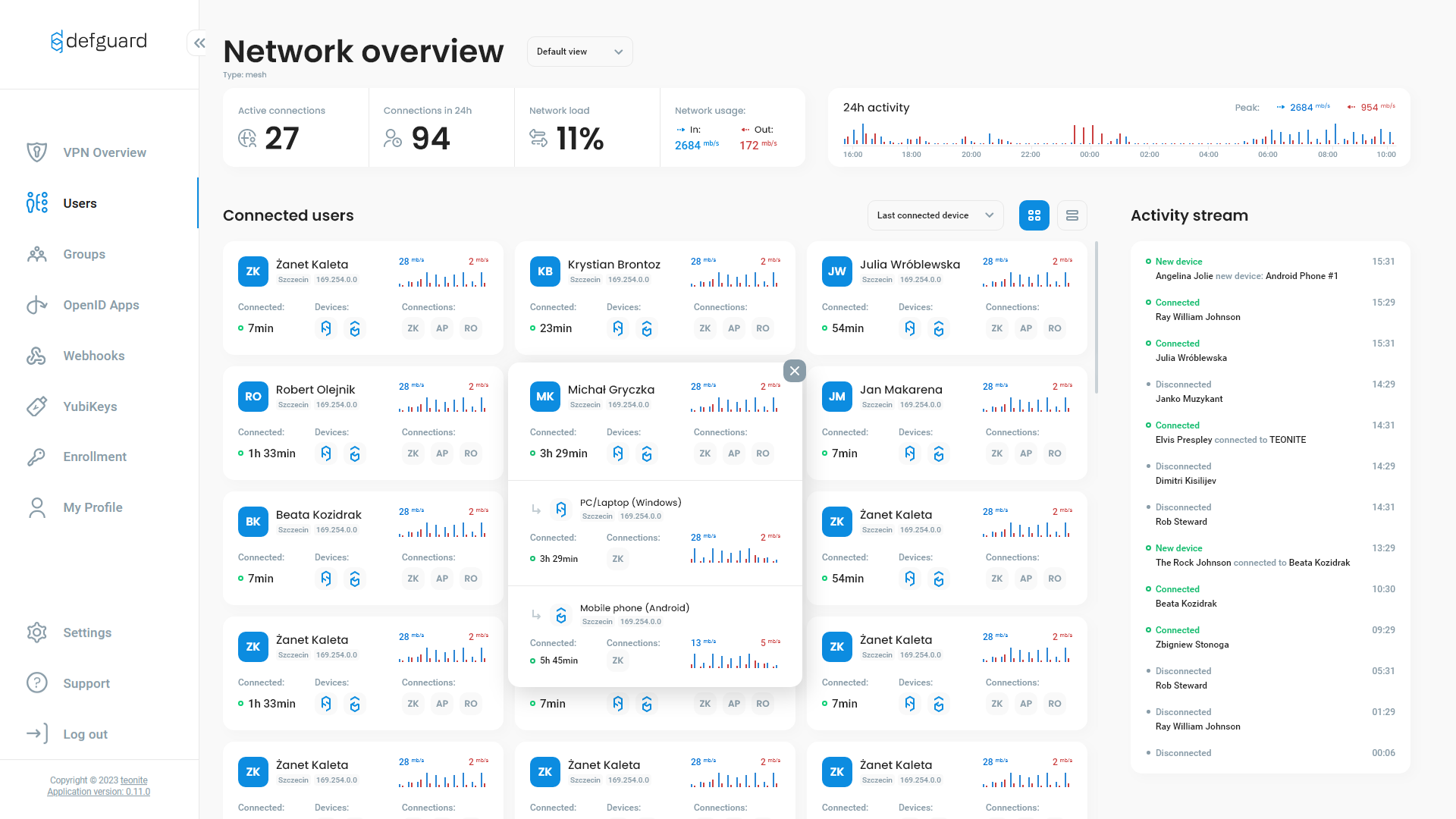 - Users self-service (besides typical data management, users can revoke access to granted apps, MFA, WireGuard®, etc.)
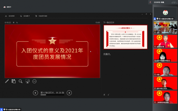 新发展团员入团仪式在嘹亮的团歌声中落下帷幕。此次线上入团仪式主题鲜明、形式新颖,进一步强化了团员意识,引领广大团员青年以青春之我担青春之责,用实际行动为团旗增光添彩。(文/校团委 陈可愉 阙湘橙 图/校团委 赵骏 编辑/舒佳珠 审核/姜莹 赵旻 李大晖)
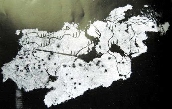 天水放馬灘西漢初年5號墓出土的紙質地圖。該圖殘長5.6厘米、寬2.6厘米,經文物考古專家斷定為西漢文帝或景帝(公元前179年-前143年)時期的紙質地圖
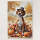 A watercolor-style painting of a cheerful dog sitting amidst a pile of vibrant fall leaves, surrounded by tiny pumpkins and scattered acorns. The dog wears a little pilgrim hat and beams with joy, capturing the spirit of Thanksgiving. In the background, soft harvest fields and golden-hued trees create a peaceful countryside ambiance. Gentle textures and warm, muted autumn tones give the scene a cosy, nostalgic feel perfect for celebrating the beauty of the season.
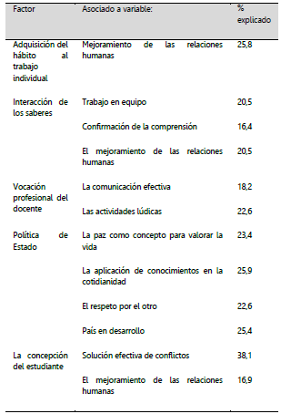 El análisis jerárquico y correlacional (tabla 1) muestra cómo la concepción del estudiante explica la solución efectiva de conflictos en un 38,1%; al considerar el enfoque una política de Estado con respecto a la aplicación de los conocimientos adquiridos en la cotidianidad: la adquisición de hábito al trabajo individual, , en un 25,9%; el mejoramiento de las relaciones humanas en los jóvenes en un 25,8%; la interacción de los saberes en un 20,5%; el trabajo en equipo y la comprensión en 16,4% y en un 20,5% el mejoramiento de las relaciones humanas.
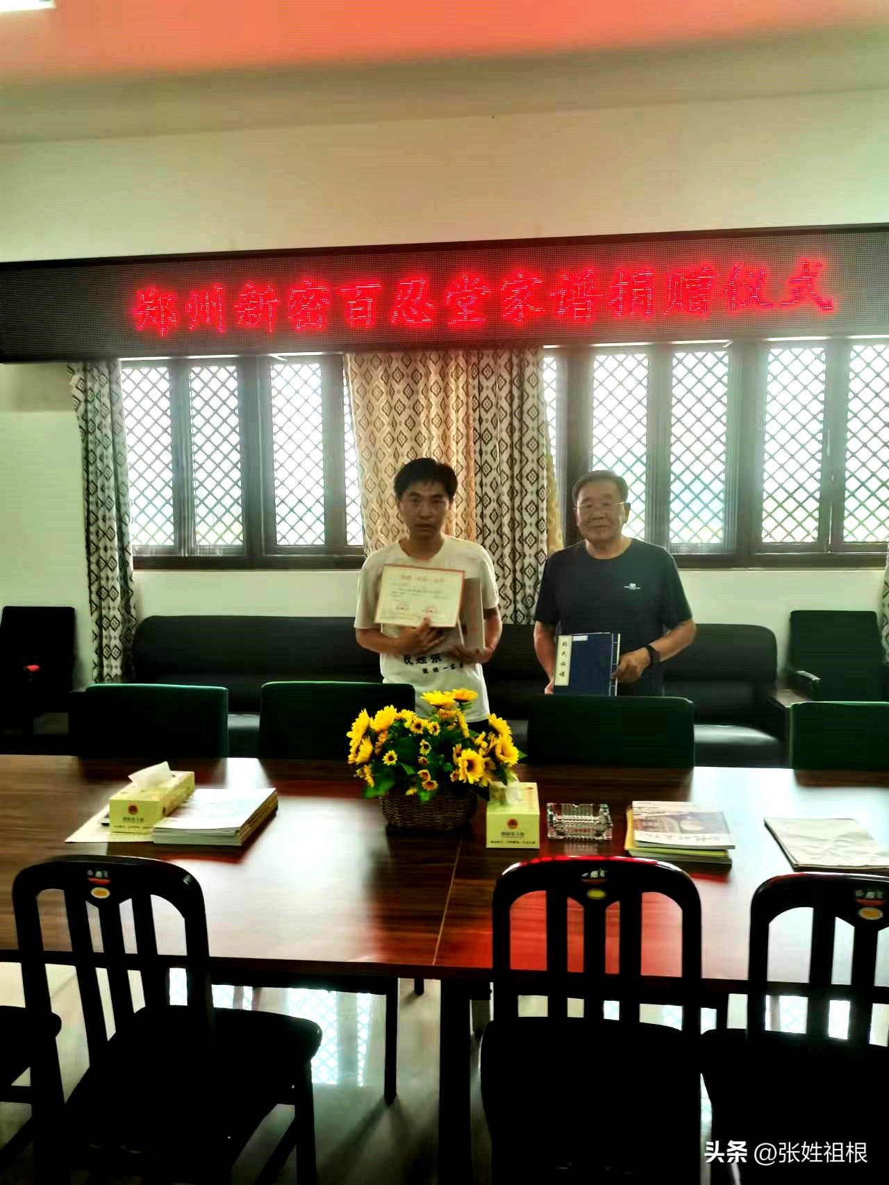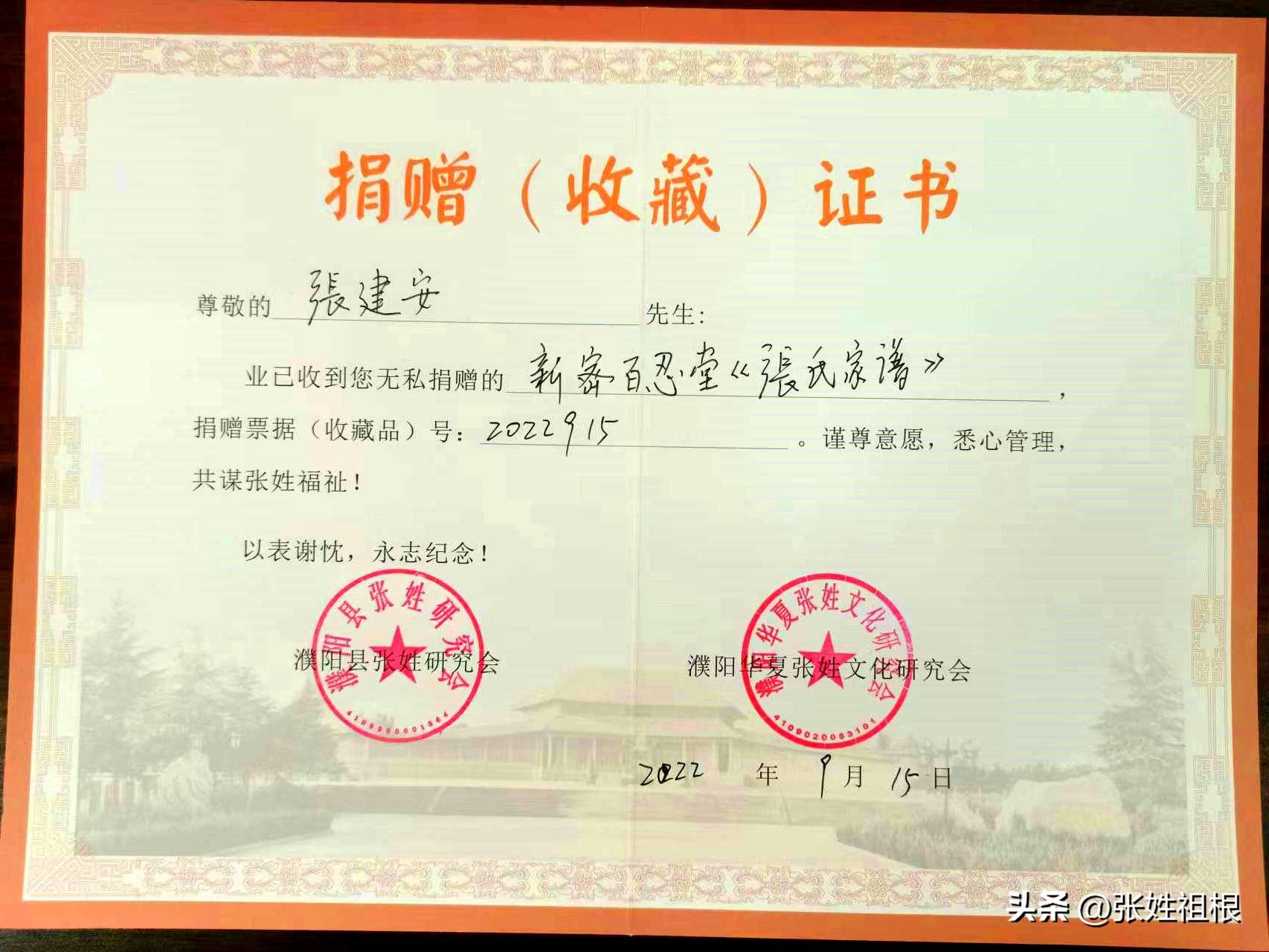 2022年9月15日,河南郑州新密百忍堂《张氏家谱》捐赠仪式在张姓祖根地河南濮阳挥公陵园张姓研究会会议室举行,张姓研究会宣传部副主任张元修受新密百忍堂张建安宗亲的委托捐赠了全套新密百忍堂《张氏家谱》。濮阳张姓研究会永久名誉会长张春喜接受捐赠,并合影留念。办公室主任石海霞、理事张婷婷、张素兰、张楠等参加了捐赠仪式。
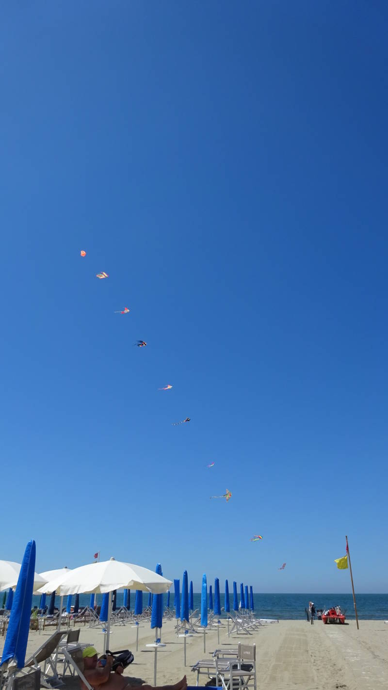 Het is een zonnige ochtend en mijn laatste dag in dit hotel. Ik neem het er even van vandaag. Na de lange dag van gisteren, is het tijd voor een beetje luieren. Ik had een boek meegenomen, maar er is nog geen letter uit gelezen. Ik ga naar de beachclub tegenover het hotel. Deze is net open en gratis toegankelijk voor de gasten, hoewel gratis nogal relatief blijkt. Het is wel grappig om te zien dat de Italianen het hele jaar hun strandspullen achterlaten in kleedhokjes die je kan huren. Hele stapels speelgoed etc.
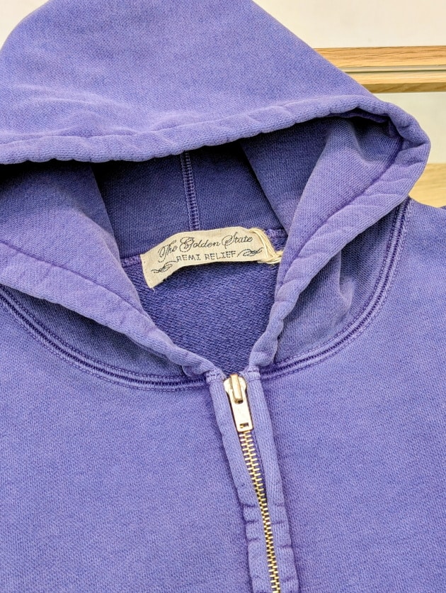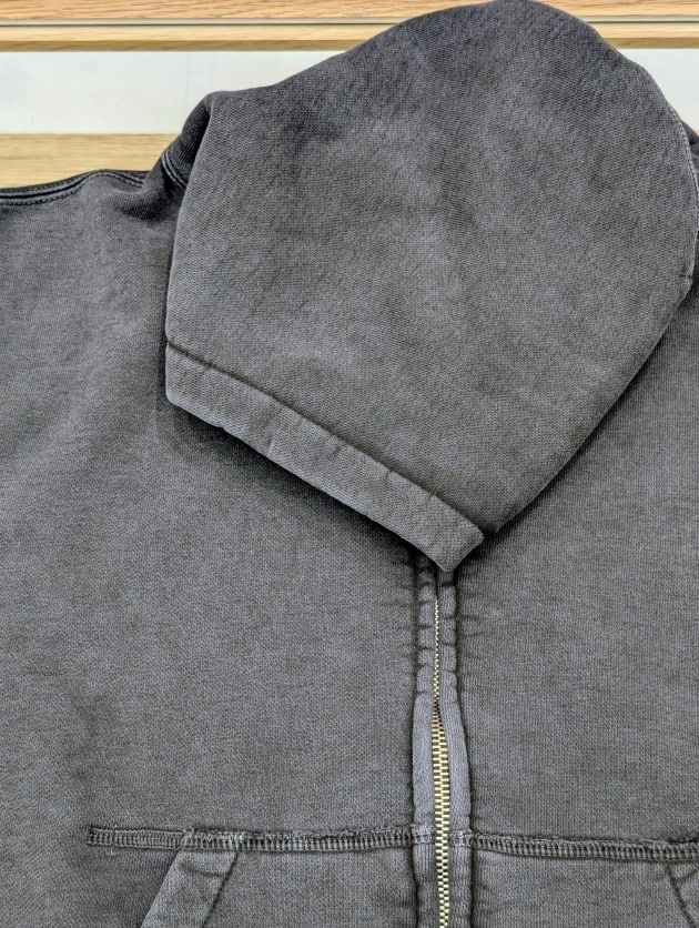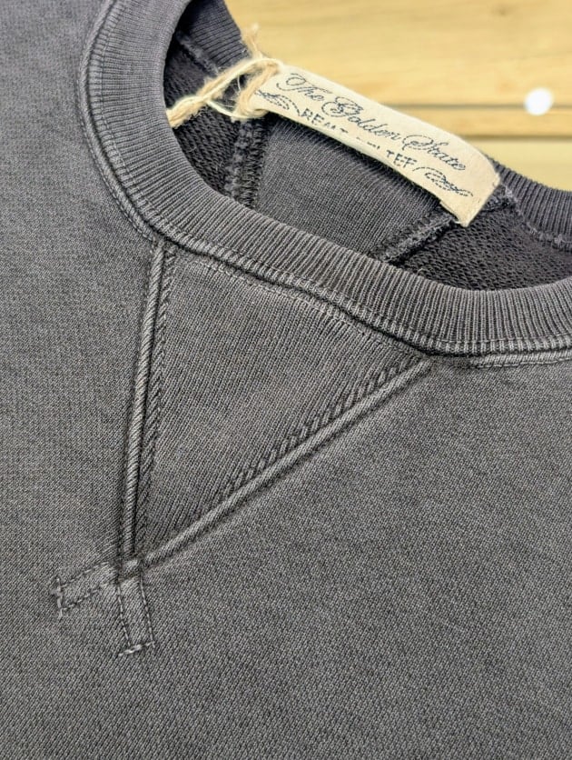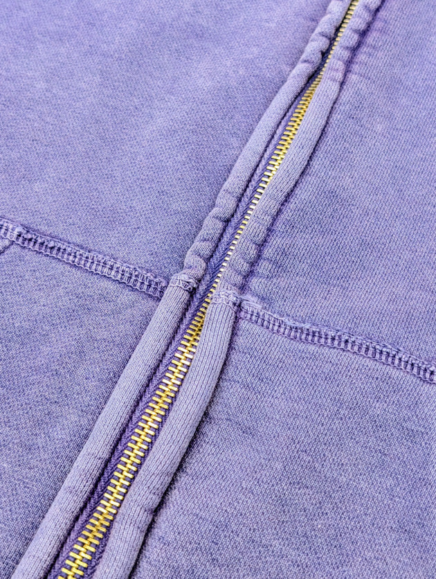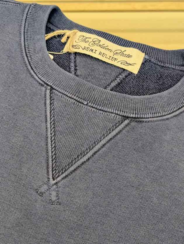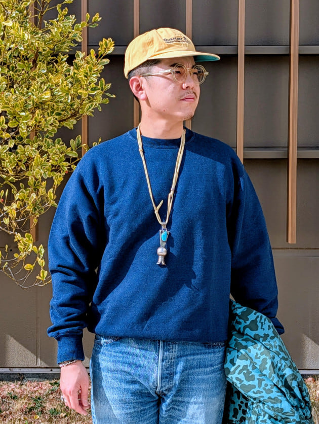 Indigo Fabric特有の表情感、そして着続けることで起こる色落ちは、まさにデニムのように着て育てることのできるスウェットです。
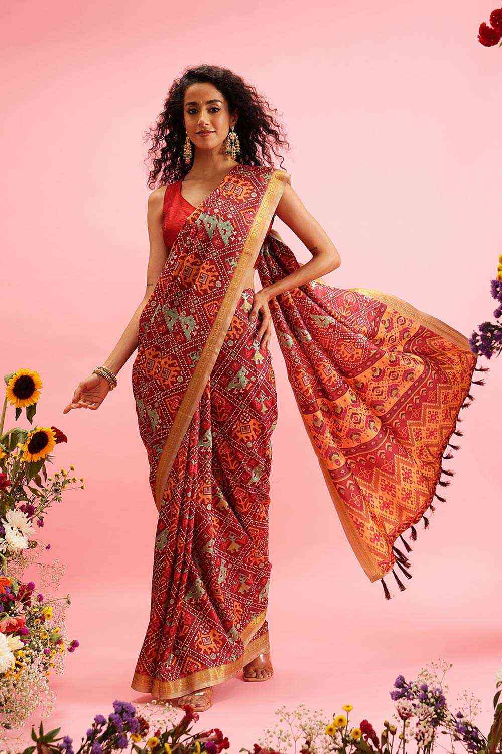 Step into the spotlight with this Maroon Soft Silk Digital Print Pochampally Saree , showcasing intricate woven designs that exude elegance and refined craftsmanship.
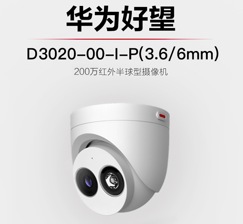 華為安防監(jiān)控攝像機200萬紅外夜視半球型室內可拾音防塵防水POE供電手機遠程攝像頭適用于家庭商超 D3020-00-I-P攝像頭 焦距(2.8/3.6/6.0mm)
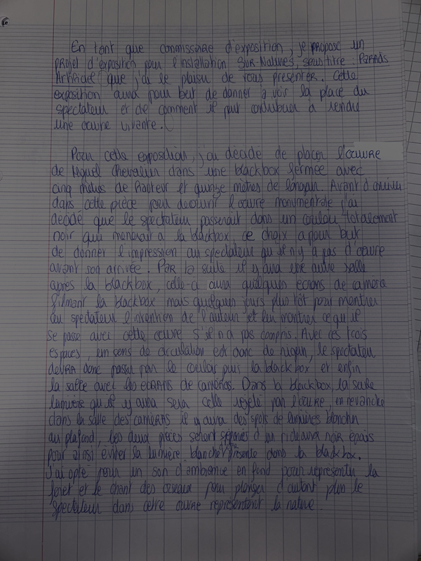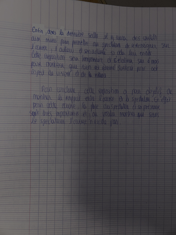 Rapports détaillés, argumentés entre œuvre et spectateurs, spectateurs et espace : que voulez-vous que le spectateur ressente ? | 0,5 / 0,5 |
++++++++++
Set down exactly, and only, the lines from the one holding "Indigo Fabric特" to the end of the records above, leaving every picture out.

 Indigo Fabric特有の表情感、そして着続けることで起こる色落ちは、まさにデニムのように着て育てることのできるスウェットです。
 Step into the spotlight with this Maroon Soft Silk Digital Print Pochampally Saree , showcasing intricate woven designs that exude elegance and refined craftsmanship.
 華為安防監(jiān)控攝像機200萬紅外夜視半球型室內可拾音防塵防水POE供電手機遠程攝像頭適用于家庭商超 D3020-00-I-P攝像頭 焦距(2.8/3.6/6.0mm)
 Rapports détaillés, argumentés entre œuvre et spectateurs, spectateurs et espace : que voulez-vous que le spectateur ressente ? | 0,5 / 0,5 |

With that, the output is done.